Neuropeptide NPFF, which is also recognized as a morphine-modulating peptide, was isolated from bovine brain in 1985 for the first time. It is expressed ubiquitously in the CNS and has the highest expression in the hypothalamus, medulla, posterior pituitary, and the dorsal horn of the spinal cord, which are involved in pain control. NPFF is involved in pain perception via the activation of specific non-opioid receptors. The NPFF receptor family is part of the GPCRs superfamily called the RF-amide receptors. The receptors were originally identified as opioid-induced analgesia modulators and hyperalgesia inducers. It has been demonstrated to regulate pain mechanisms in different experimental models of inflammation and neuropathic pain. NPFF receptors are distinct from opioid receptors as NPFF does not bind to opioid receptors, but rather stimulates specific NPFF receptors. Two G i/o protein-coupled receptors have been discovered as NPFF cognate receptors namely NPFFR1 (GRP147) and NPFFR2 (GPR74). Both NPSF and NPVF are ligands for GRP147. However, GPR147 has a great affinity for NPFF. These orphan receptors have specific roles in NPFF-mediated actions as they are differently coupled to G proteins. NPFF receptors (GPR74 and GRP147) are expressed in many parts of the central nervous system. NPFFR2 has a unique expression in pain-processing regions such as the thalamus and dorsal raphe nucleus. NPFFR2 is also synthesized in the cell bodies of DRG neurons and is translocated to the nerve terminals of the afferent sensory neurons in the spinal dorsal horn. These receptors are expressed at high density in the dorsal horns of the spinal cord. In rodents, it was clearly shown that NPFFR1 is widely expressed in the brain tissue, while the NPFFR2 is expressed exclusively in the spinal cord. Based on the distribution pattern of these receptors, it seems that NPFFR2 mediates pain transmission in the spinal cord. Whereas NPFFR1 participates in neuroendocrine functions. The lack of spinal NPFFR1 proposes the hypothesis that the antinociceptive action of NPFF is mediated via NPFFR2 activation, while the NPFF pro-nociceptive effects are mediated via NPFFR1. In the human spinal cord, NPFFR1 expression has been observed as a notable exception to other mammalian species, suggesting that NPFFR2 has the same role in pain processing as NPFFR1. This exception suggests that in humans, both NPFFR1 and NPFFR2 has a role in pain processing.

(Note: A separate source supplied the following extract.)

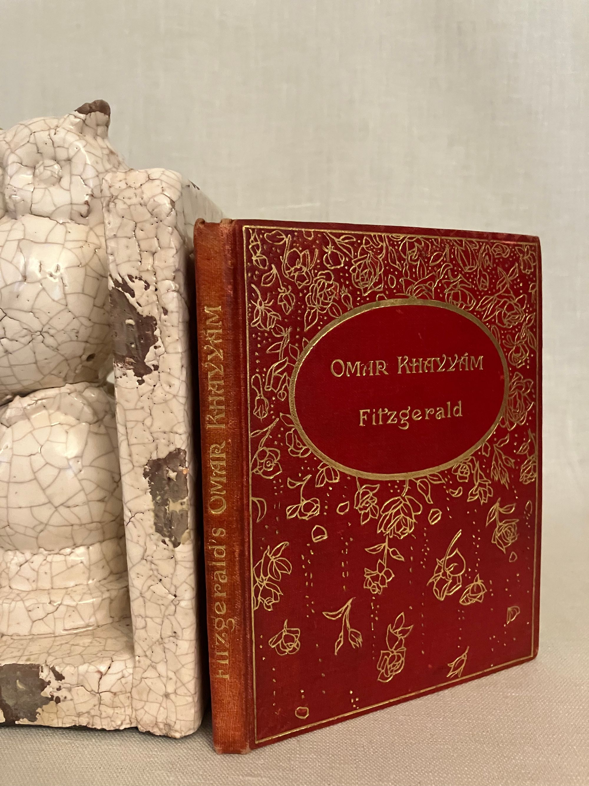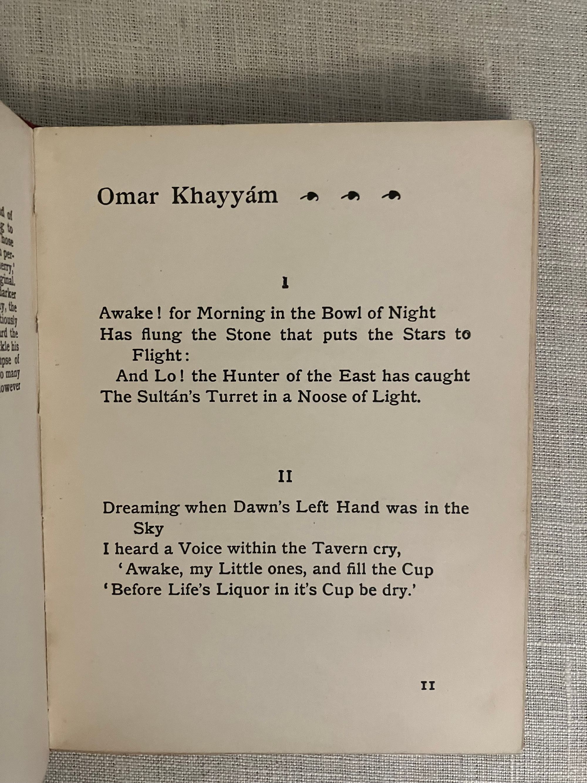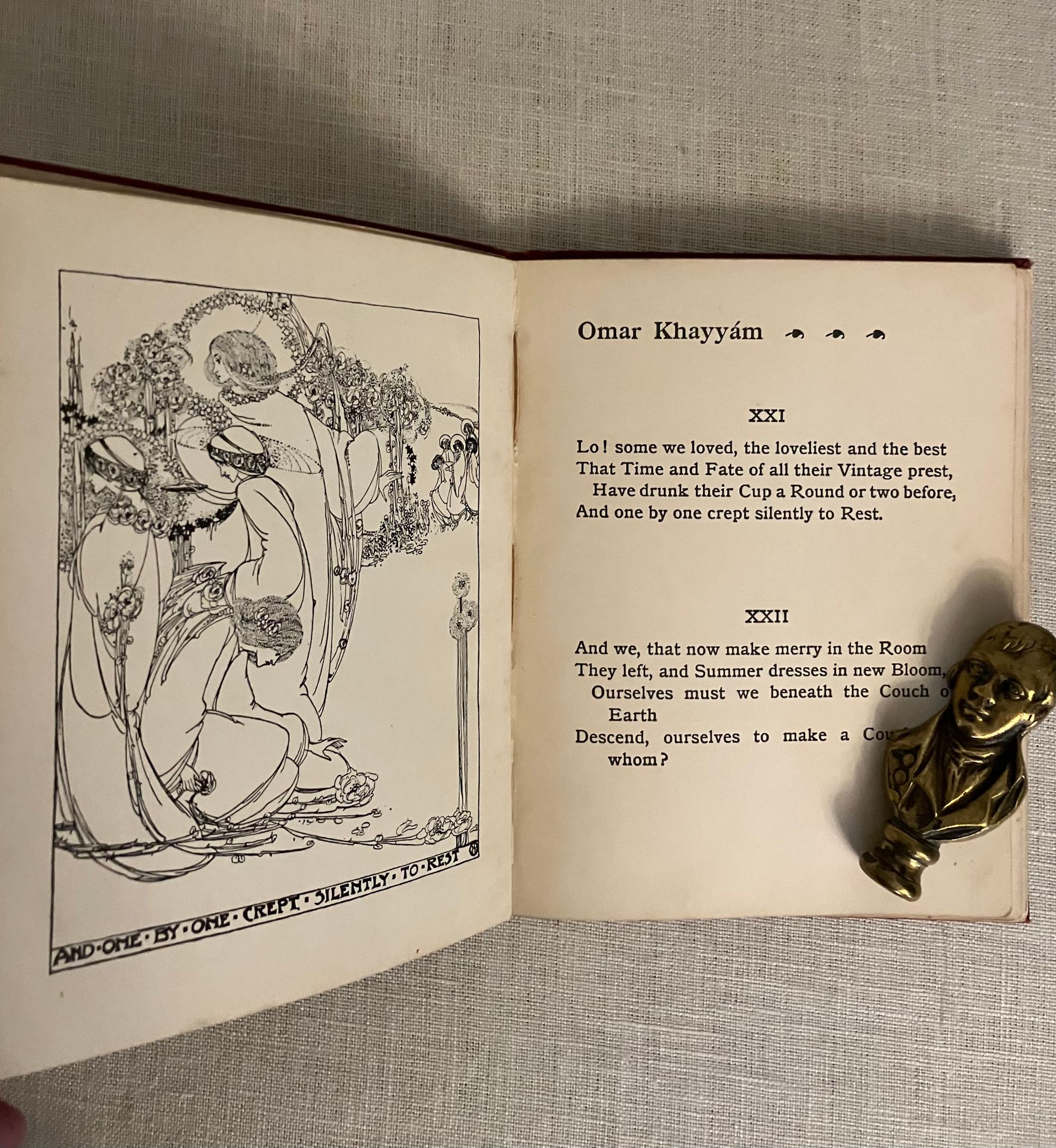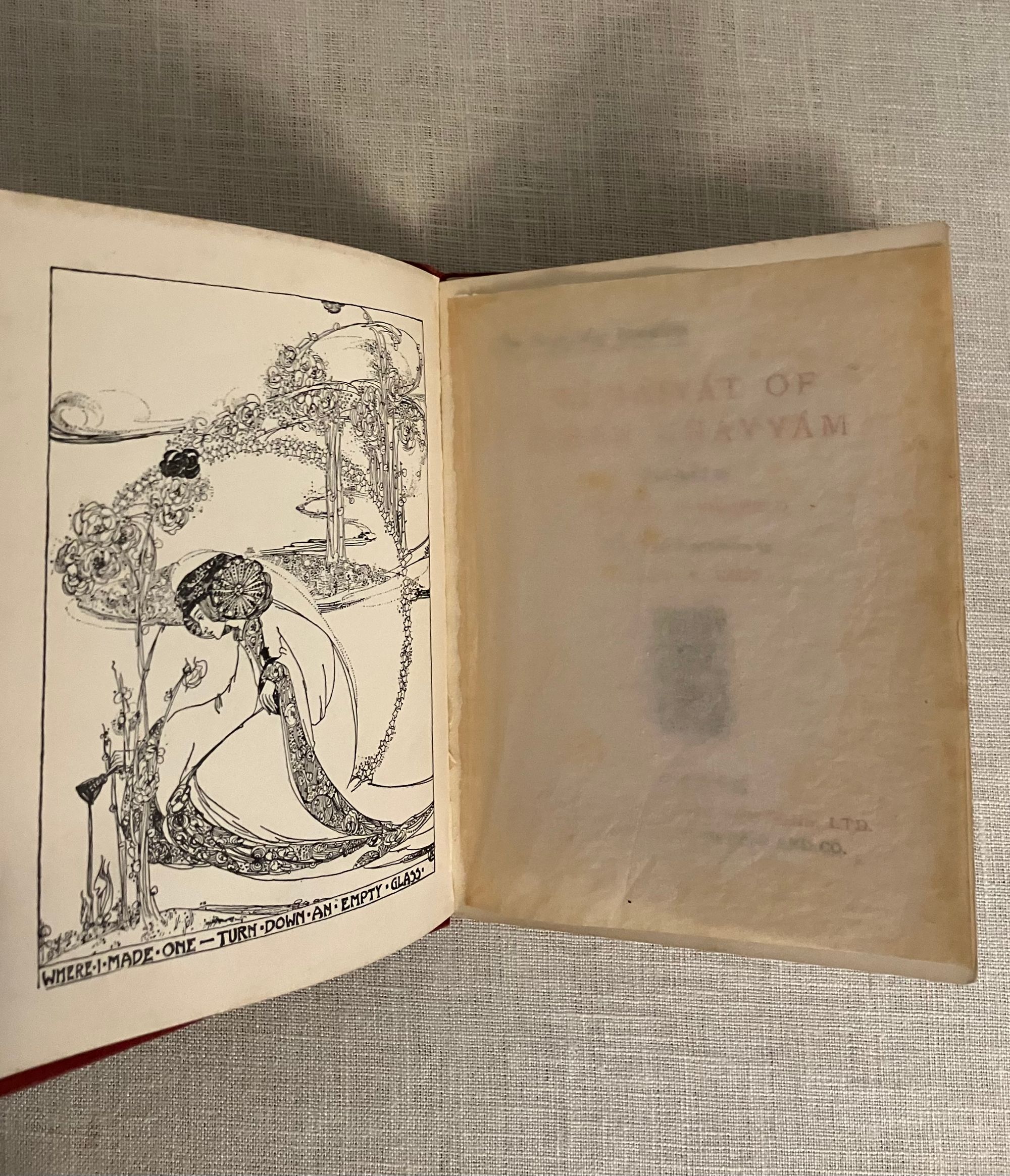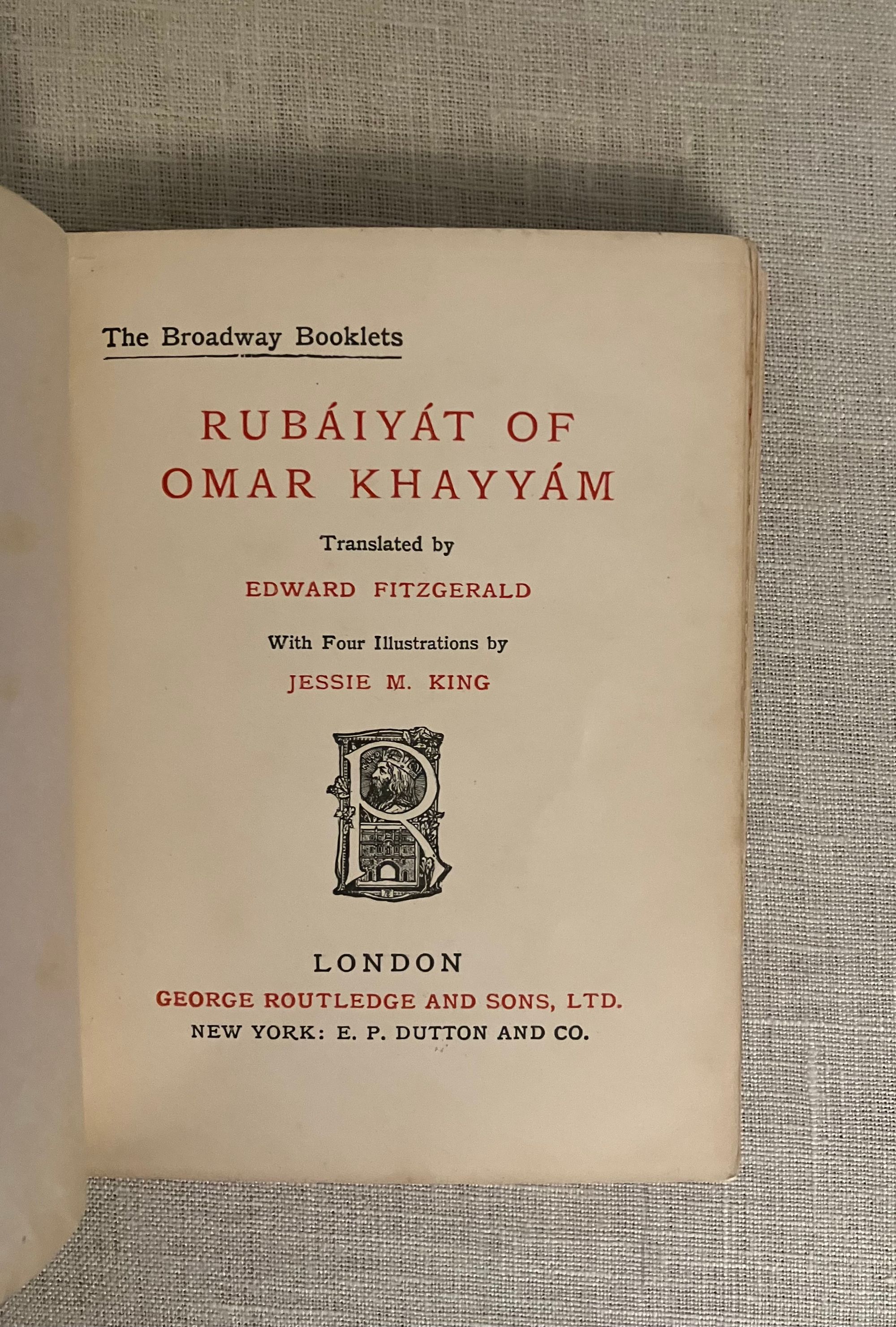 Hard Cover, 24mo, (4 x 5 1/2 inches) in decorated red cloth blocked in gold with a design of falling roses, the titles in an oval to the top board and along the spine, 47pp. undated but circa 1909. Contains four black and white illustrations by the Scottish artist, Jessie M. King (1875-1949.) The cover illustration is not by her. The tissue-guarded frontispiece illustration by King plus three additional black and white full page illustrations within the text, are each signed with her monogramed initials and titled with hand-lettering. Undated, but bibliographer cites a 1903 contract for these illustrations by King, and surmises this particular variation was from circa 1909. (see below) **CONDITION: Very Good, with some small marks to top of boards., more noticeable to rear board. A few signatures are slightly loose, but holding firm. Christmas inscription in old ink dated 1909 to ffep., plus a second fountain ink signature elsewhere in prelims. Illustrations are clean and bright, text and endpapers lightly toned.**These represent the artist's most collectible style of illustration. The titles of King's drawings are: "Where I Made One--Turn Down An Empty Glass," (frontis); "And One By One Crept Silently To Rest"; "Came Stealing Through the Dusk an Angel-Shape," and "The Angel With His Darker Draught." Executed in the artist's earliest style of finely detailed pen and ink on vellum drawings, paying some homage to the work of Aubrey Beardsley, but are also representing a uniquely Scottish interpretation of the Art Nouveau style of illustration. Along with fellow students at the Glasgow School of Art, under the instruction of Fra Newberry in the 1890's. King would later go on to illustrate children's books, sell her framed drawings, design silver, jewelry and textiles, and work as an important commercial book designer and illustrator. See Colin White, " A Guide to the Printed Work of Jessie M. King," (2007) B34, fifth variation p. 34.

The role of the NPFF-NPFFR system was primarily studied in nociception and opioid-induced analgesia. NPFF-NPFFR signaling caused either pain or analgesia depending on the route of administration or receptor type that was activated. Accordingly, the effect of NPFF and its analogs on pain has been reported with contradictory reports. In an experimental model of neuropathic pain, by unilateral ligation of two spinal nerves, administration of NPFF into the PAG significantly attenuated tactile allodynia. Moreover, in CFA-induced inflammation and unilateral sciatic nerve constriction models, i.t. and i.c.v. administration of NPFF dose-dependently attenuated the allodynia. In contrast, i.t. and i.c.v. injections of NPFF had no significant effects on thresholds to acute thermal or mechanical stimulation, which suggests the NPFF role in the modulation of chronic but not acute pain.